- _Aim of the task_: Restate, word for word and with no pictures, the stretch of lines in the data below that begins at the line with "kg,没有陷入雪地;而穿着运动鞋的小明总质量为50 kg,却深陷雪地.下列说法正确的是( )" and ends at the line with "Obraz premium Curious", inclusive.

- _Working data_:
◇ ◇ ◇ ◇ ◇
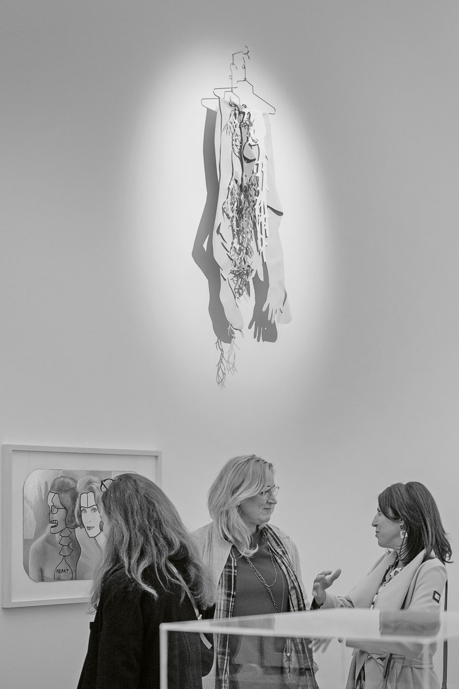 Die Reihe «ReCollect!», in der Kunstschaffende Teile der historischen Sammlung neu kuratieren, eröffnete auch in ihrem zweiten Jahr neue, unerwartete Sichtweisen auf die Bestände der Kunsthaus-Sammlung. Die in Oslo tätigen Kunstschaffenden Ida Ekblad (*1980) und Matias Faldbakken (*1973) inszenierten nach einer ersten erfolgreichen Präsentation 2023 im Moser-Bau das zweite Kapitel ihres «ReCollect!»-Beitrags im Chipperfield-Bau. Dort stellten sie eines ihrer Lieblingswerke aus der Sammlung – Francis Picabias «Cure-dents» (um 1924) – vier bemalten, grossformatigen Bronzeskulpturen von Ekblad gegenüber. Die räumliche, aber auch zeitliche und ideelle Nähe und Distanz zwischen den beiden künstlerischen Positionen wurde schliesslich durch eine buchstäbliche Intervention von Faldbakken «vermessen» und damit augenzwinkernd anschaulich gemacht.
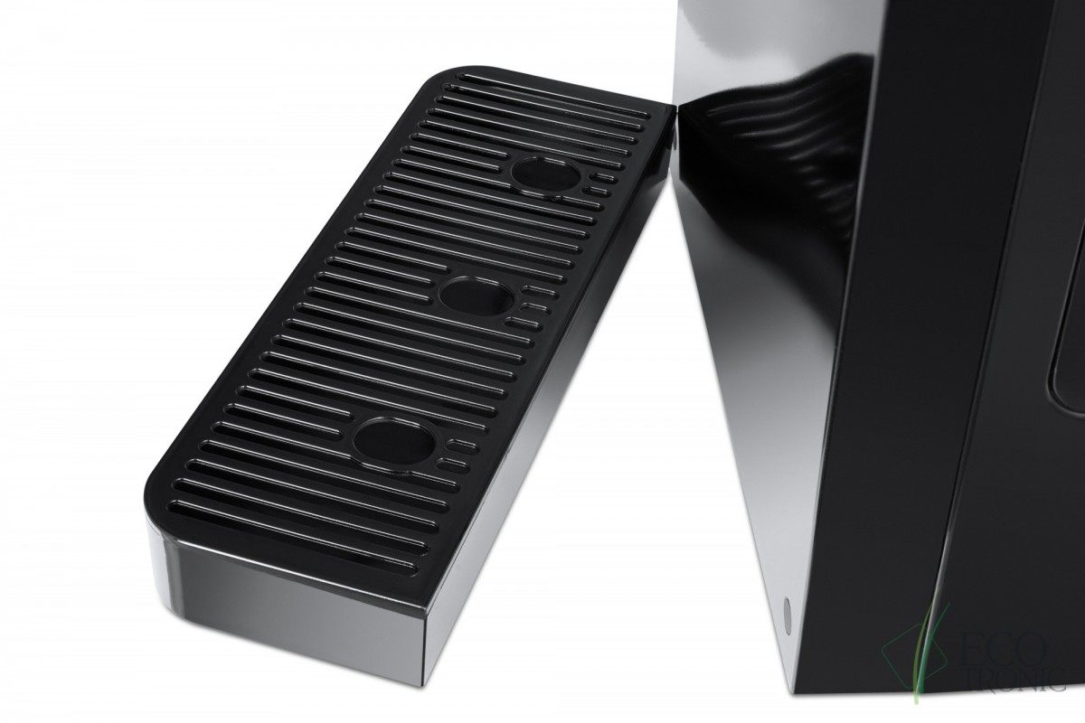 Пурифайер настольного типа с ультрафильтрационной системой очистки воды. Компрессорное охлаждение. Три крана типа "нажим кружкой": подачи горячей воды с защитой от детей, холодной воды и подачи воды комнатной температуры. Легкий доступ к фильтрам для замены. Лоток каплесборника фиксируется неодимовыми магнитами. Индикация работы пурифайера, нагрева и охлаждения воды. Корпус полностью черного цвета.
◇ ◇ ◇ ◇ ◇
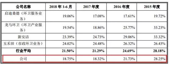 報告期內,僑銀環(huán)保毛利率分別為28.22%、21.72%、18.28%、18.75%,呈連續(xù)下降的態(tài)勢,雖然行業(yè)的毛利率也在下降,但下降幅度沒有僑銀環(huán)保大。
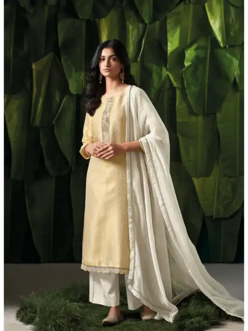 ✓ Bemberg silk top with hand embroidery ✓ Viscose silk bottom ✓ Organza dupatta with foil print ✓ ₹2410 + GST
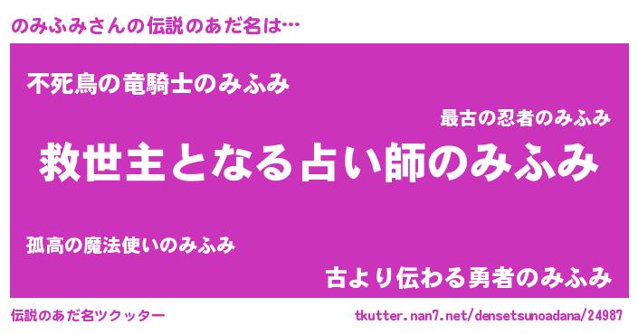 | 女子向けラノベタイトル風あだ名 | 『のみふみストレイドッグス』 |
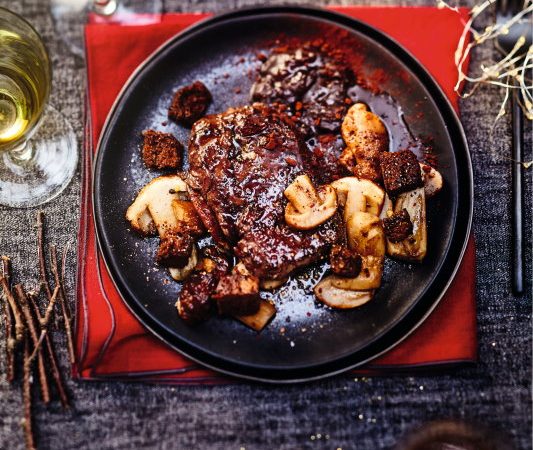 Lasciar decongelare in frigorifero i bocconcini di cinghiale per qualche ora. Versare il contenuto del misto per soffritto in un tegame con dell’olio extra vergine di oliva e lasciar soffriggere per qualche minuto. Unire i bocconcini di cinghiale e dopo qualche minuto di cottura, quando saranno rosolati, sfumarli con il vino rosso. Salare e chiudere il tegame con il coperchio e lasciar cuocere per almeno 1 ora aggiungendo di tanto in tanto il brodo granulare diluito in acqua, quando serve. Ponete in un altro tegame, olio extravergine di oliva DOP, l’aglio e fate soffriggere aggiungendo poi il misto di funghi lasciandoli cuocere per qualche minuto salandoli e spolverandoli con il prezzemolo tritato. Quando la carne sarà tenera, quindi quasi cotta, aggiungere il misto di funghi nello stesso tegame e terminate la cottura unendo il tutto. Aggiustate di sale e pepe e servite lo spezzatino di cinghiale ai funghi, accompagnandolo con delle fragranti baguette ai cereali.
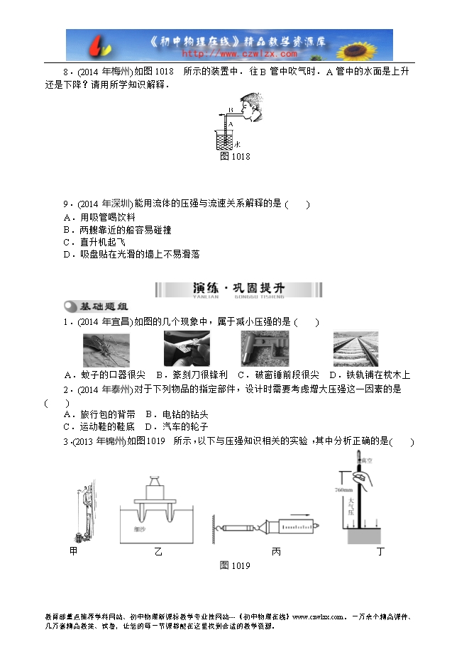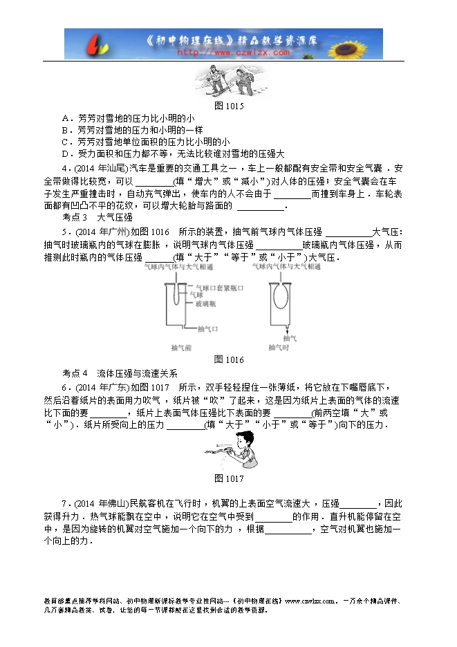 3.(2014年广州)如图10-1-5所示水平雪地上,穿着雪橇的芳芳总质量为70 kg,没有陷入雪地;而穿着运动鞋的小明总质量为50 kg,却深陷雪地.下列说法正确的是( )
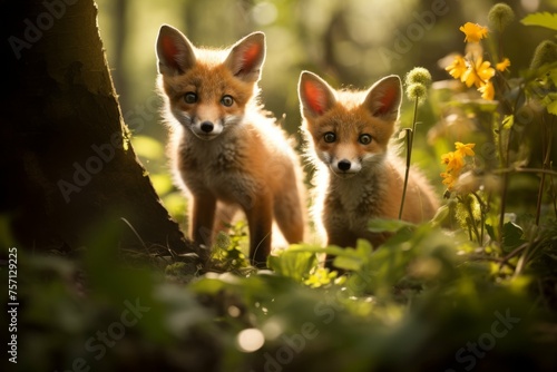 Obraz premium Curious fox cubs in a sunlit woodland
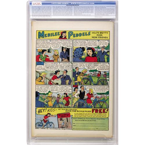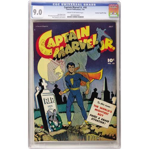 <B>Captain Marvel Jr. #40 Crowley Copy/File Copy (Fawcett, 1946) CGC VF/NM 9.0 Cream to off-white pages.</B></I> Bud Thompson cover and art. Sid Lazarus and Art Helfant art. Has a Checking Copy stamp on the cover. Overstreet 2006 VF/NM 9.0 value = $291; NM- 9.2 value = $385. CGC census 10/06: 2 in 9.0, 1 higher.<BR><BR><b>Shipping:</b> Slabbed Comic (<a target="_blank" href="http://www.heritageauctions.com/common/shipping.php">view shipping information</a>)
◇ ◇ ◇ ◇ ◇
- _Your solution_:
 3.(2014年广州)如图10-1-5所示水平雪地上,穿着雪橇的芳芳总质量为70 kg,没有陷入雪地;而穿着运动鞋的小明总质量为50 kg,却深陷雪地.下列说法正确的是( )
 Obraz premium Curious fox cubs in a sunlit woodland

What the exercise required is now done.